Some of the best stuff we picked up around the internet
By: Karen O'Hanlon Cohrt - Feb. 26, 2021
Top picks
Decoding the CRISPR-baby stories. Piece from MIT Technology Review about three books that explore the He Jiankui scandal and what gene editing means for the future of humanity.
The Jin-Soo Kim lab at Seoul National University demonstrates in embryo base editing of mitochondrial DNA in mice using DddA-TALE fusions. The researchers used base editing to create mitochondrial disease models in mice and the work highlights the potential of base editing to treat mitochondrial disorders. The findings were published in Nature this week.
Researchers at Dresden University of Technology, Germany, have developed Cre-Controlled CRISPR, a new method for CRISPR that makes it possible to turn off a single target gene in one specific cell type of choice. The new method combines the best parts of the popular Cre/lox system with CRISPR-Cas9 and the findings were recently published in Nature Communications.
Researchers at Rutgers University, US, have developed Pin-pointTM, a new base-editing system that deploys RNA aptamers within the gRNA to position DNA-modifying enzymes at genomic targets. Pin-pointTM can perform point-mutation edits with high precision and with low on-target INDEL formation. The findings were published in the CRISPR Journal this week.
Research led at the Wellcome Sanger Institute, UK, has uncovered almost 143,000 species of bacteriophage living in healthy human guts. The results of this work, which also form the basis for the newly established Gut Phage Database were recently published in Cell.
Researchers in Germany describe CAST-Seq (single targeted linker-mediated PCR sequencing), a new preclinical assay to sensitively identify and quantify chromosomal aberrations derived from on-target and off-target activities of CRISPR-Cas nucleases or TALENS, respectively, in human hematopoietic stem cells. The results were published in Cell Stem Cell this week.
Researchers in China and the USA develop nanobody-based CAR T-cells using CRISPR-Cas9 technology for solid tumour immunotherapy. The CAR T-cells were developed using CRISPR-Cas9 technology to deliver the anti-CD105 coding seqeuence via an adeno-associated virus and the resulting anti-CD105 CAR T-cell cells reduced tumour burden and improved survival in tumour-bearing mice and demonstrated anti-tumour activity in human tumour xenograft models. CD105 is emerging as an important sold tumour target, and the findings of this study were published in Nature.
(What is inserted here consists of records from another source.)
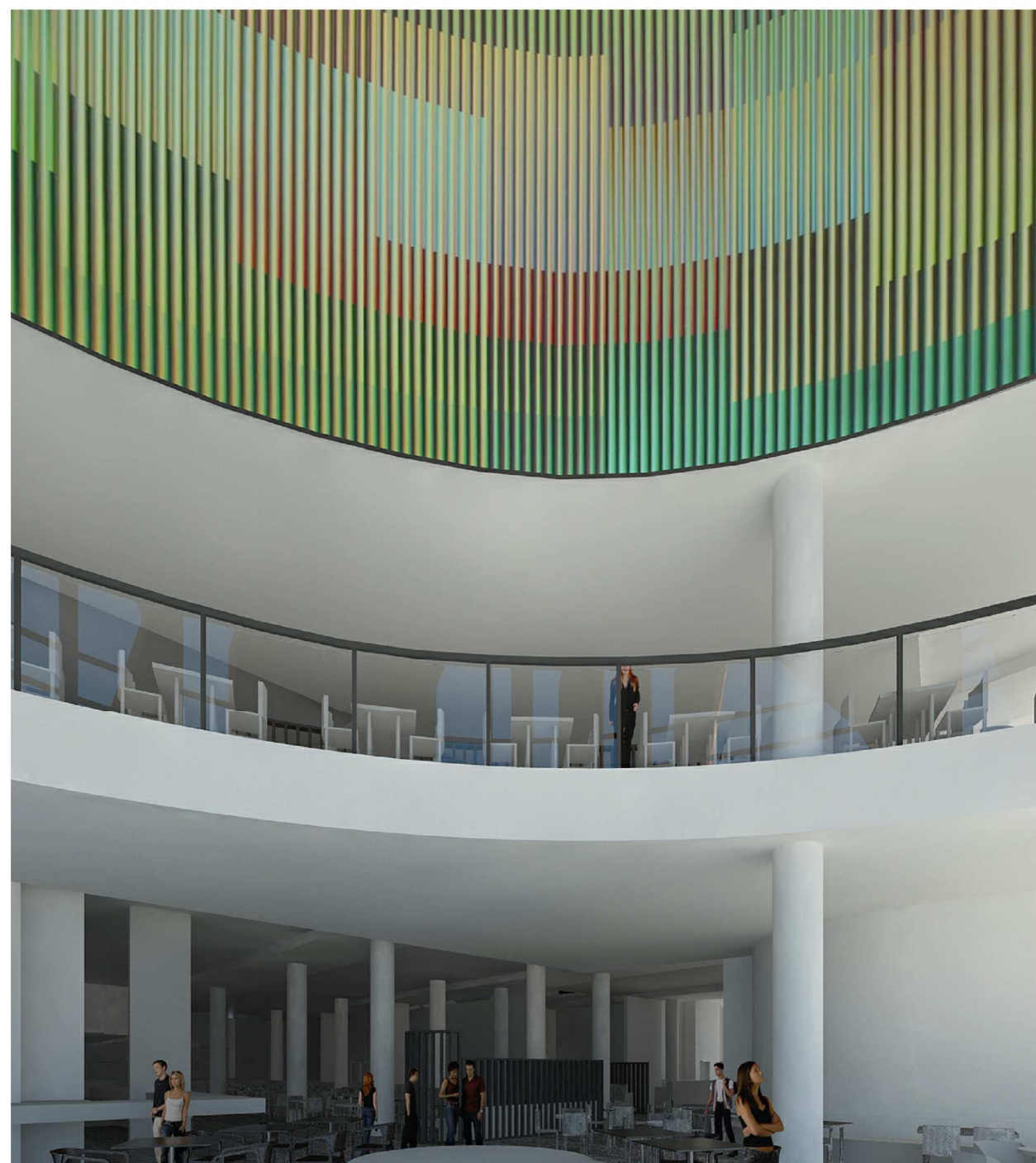
3 - INTERIOR PERSPECTIVE - VIEW 3 Scale: 1:100
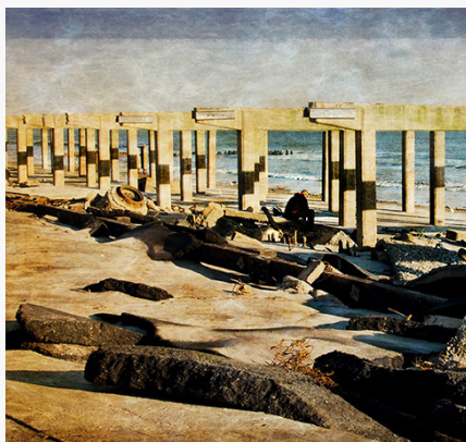
Introduction To Digital Photography with Melanie Stengel
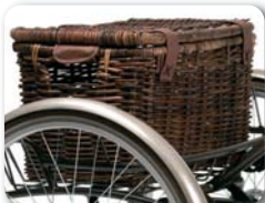
E4 - Vintage Basket
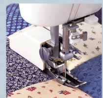
Upper Feed Presser Foot
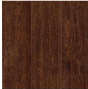
RUSTIC TOBACCO MEC94-98
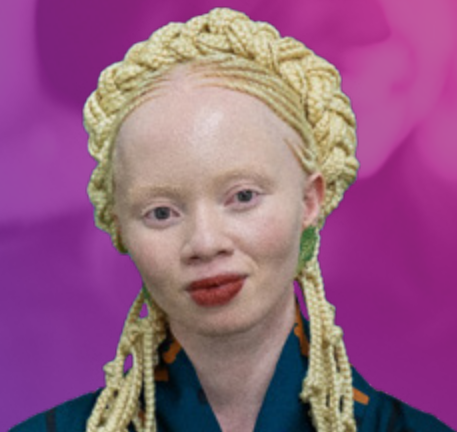
THANDO HOPA GLOBAL FASHION MODEL, DIVERSITY ADVOCATE & CULTURAL LEADER
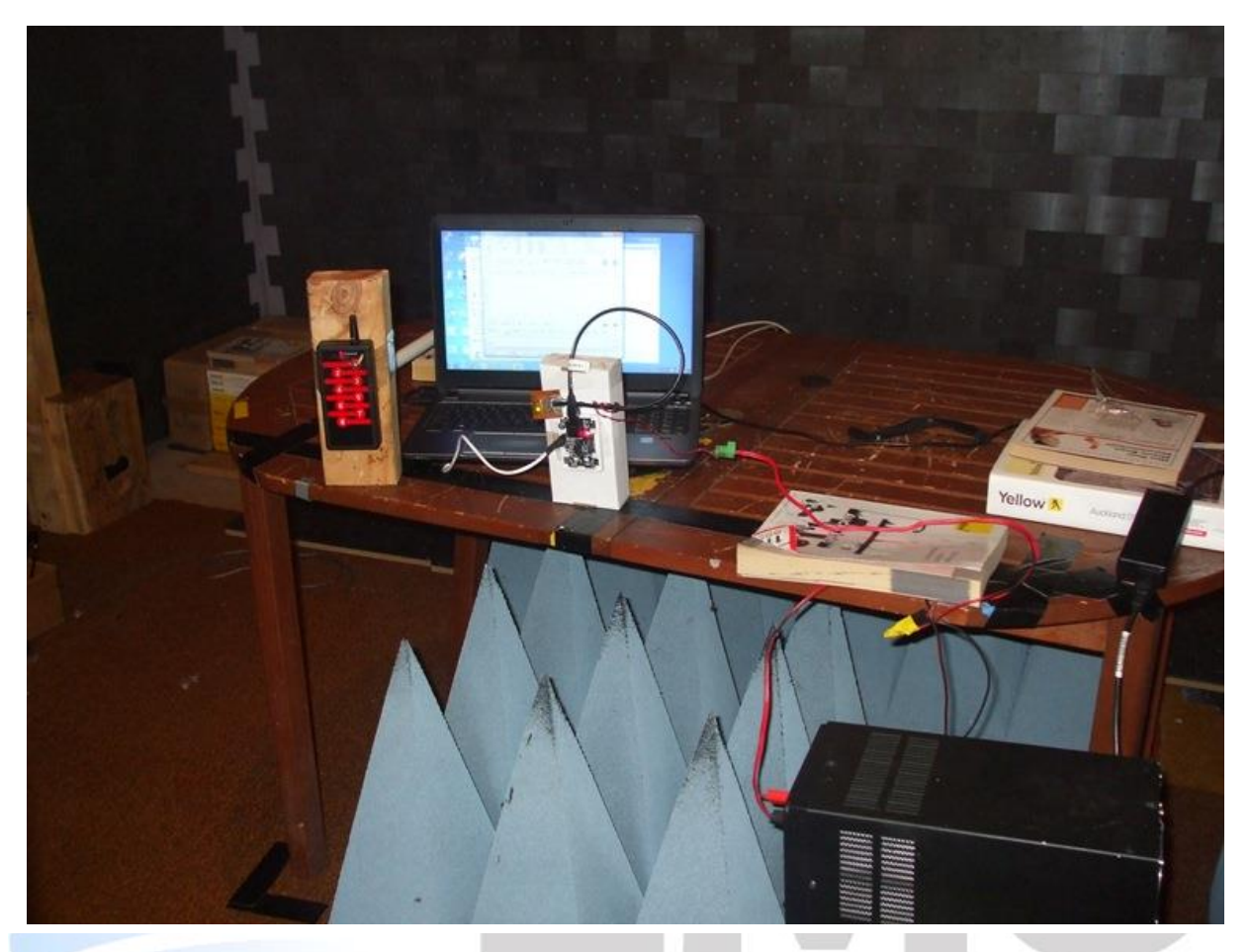
ESD test setup

Beam Therapeutics announces acquisition of Guide Therapeutics. The takeover of Guide Therapeutics’ advanced lipid nanoparticle (LNP) and proprietary in vivo LNP screening technology will allow for further expansion of Beam Therapeutics’ genetic medicines into new target tissues and diseases.
Last further quarter update for this week comes from Allogene Therapeutics, who also released its full year results from 2020 yesterday with updates on their programmes for gene-edited CAR T therapies for cancer. Read Allogene’s update here.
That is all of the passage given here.